▶ [YOUR ASSIGNMENT]
Restate, exactly as written, the entries below from the line that holds "劍靈高速成長券怎么使用_劍靈高速成長券怎么使用視頻" through the line that holds "Los Hawks acabaron". Pictures are not part of the copy.

▶ [GIVEN DATA]
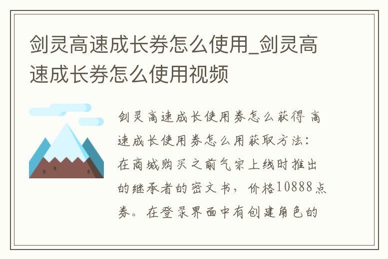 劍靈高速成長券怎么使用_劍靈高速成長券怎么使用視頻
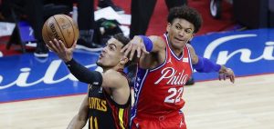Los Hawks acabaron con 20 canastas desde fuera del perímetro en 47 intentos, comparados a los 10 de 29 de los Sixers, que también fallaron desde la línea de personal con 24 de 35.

--

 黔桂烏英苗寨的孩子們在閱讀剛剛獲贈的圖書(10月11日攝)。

▶ [OUTPUT FOR THIS EXERCISE]
 劍靈高速成長券怎么使用_劍靈高速成長券怎么使用視頻
Los Hawks acabaron con 20 canastas desde fuera del perímetro en 47 intentos, comparados a los 10 de 29 de los Sixers, que también fallaron desde la línea de personal con 24 de 35.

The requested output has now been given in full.